Supplied material ▸
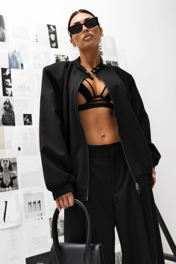Stylowa kurtka bomber to idealne połączenie sportowej wygody i miejskiej elegancji. Luźny krój oversize zapewnia swobodę ruchów i nowoczesny look, a minimalistyczny design sprawia, że model doskonale uzupełni zarówno casualowe, jak i bardziej fashionowe stylizacje. Model zapinany na suwak, wykończony elastycznymi ściągaczami przy rękawach oraz u dołu, które podkreślają sylwetkę i nadają kurtce sportowego charakteru. Delikatnie matowa, gładka tkanina prezentuje się elegancko i świetnie układa się na ciele. Kurtka świetnie sprawdzi się w zestawie ze spodniami z tej samej linii lub jako modny akcent do jeansów, legginsów czy sukienki.
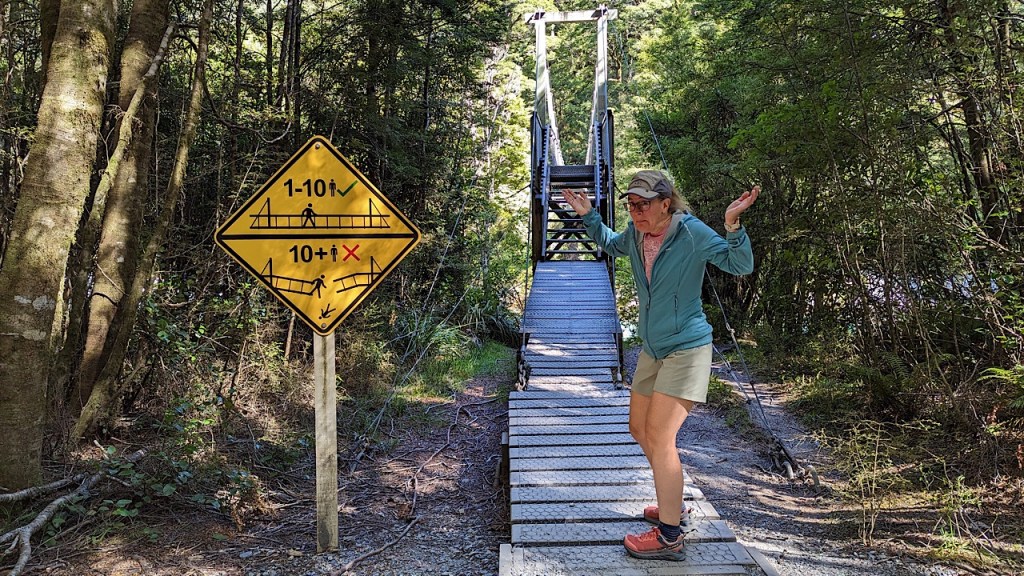 We liggen vlak voor de hangbrug in een deuk om het geplaatste verkeersbord š
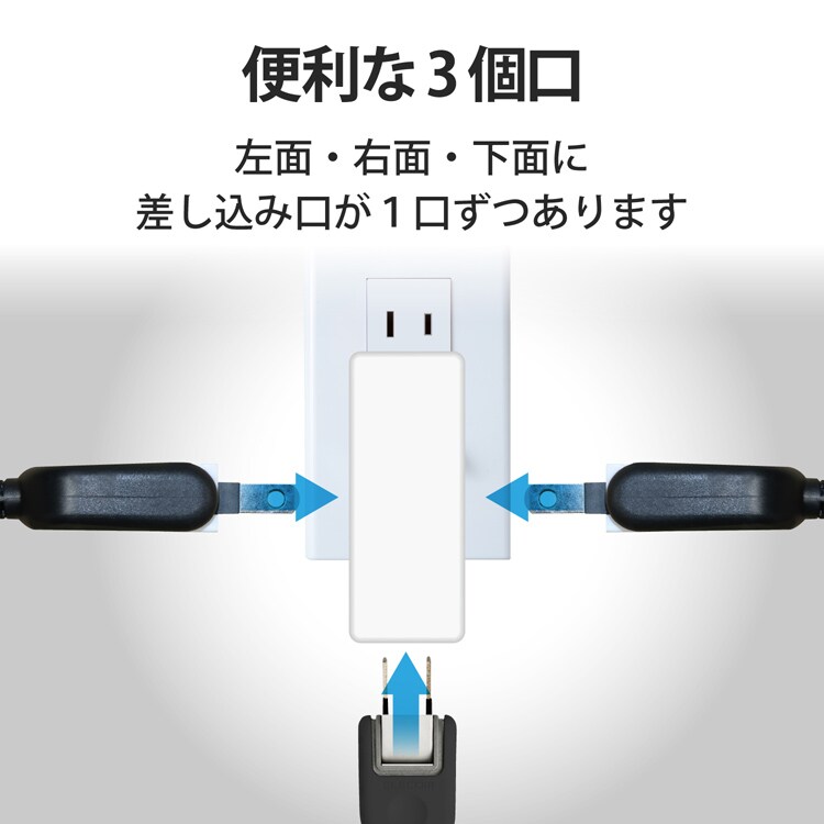 エレコム 延長コード 電源タップ 3個口 トリプル 側面3個口タイプ T-TR04-2300WH (1個入)
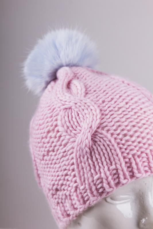 Ніжна рожева шапочка з блакитним помпоном від SolomiaChoiceUA виконана з 100% мериносової вовни і хутрового помпона кролика небесно-блакитного кольору . З усіх питань звертайтеся!!! Багато шапок в наявності і під замовлення!!!!
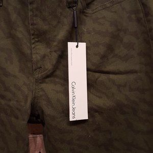 The Ultimate Skinny jean from Calvin Klein in an army olive camo print.

Work instructions ▸ A verbatim copy of the data, with all pictures omitted, is the required output.

Solved problem ▸
Stylowa kurtka bomber to idealne połączenie sportowej wygody i miejskiej elegancji. Luźny krój oversize zapewnia swobodę ruchów i nowoczesny look, a minimalistyczny design sprawia, że model doskonale uzupełni zarówno casualowe, jak i bardziej fashionowe stylizacje. Model zapinany na suwak, wykończony elastycznymi ściągaczami przy rękawach oraz u dołu, które podkreślają sylwetkę i nadają kurtce sportowego charakteru. Delikatnie matowa, gładka tkanina prezentuje się elegancko i świetnie układa się na ciele. Kurtka świetnie sprawdzi się w zestawie ze spodniami z tej samej linii lub jako modny akcent do jeansów, legginsów czy sukienki.
 We liggen vlak voor de hangbrug in een deuk om het geplaatste verkeersbord š
 エレコム 延長コード 電源タップ 3個口 トリプル 側面3個口タイプ T-TR04-2300WH (1個入)
 Ніжна рожева шапочка з блакитним помпоном від SolomiaChoiceUA виконана з 100% мериносової вовни і хутрового помпона кролика небесно-блакитного кольору . З усіх питань звертайтеся!!! Багато шапок в наявності і під замовлення!!!!
 The Ultimate Skinny jean from Calvin Klein in an army olive camo print.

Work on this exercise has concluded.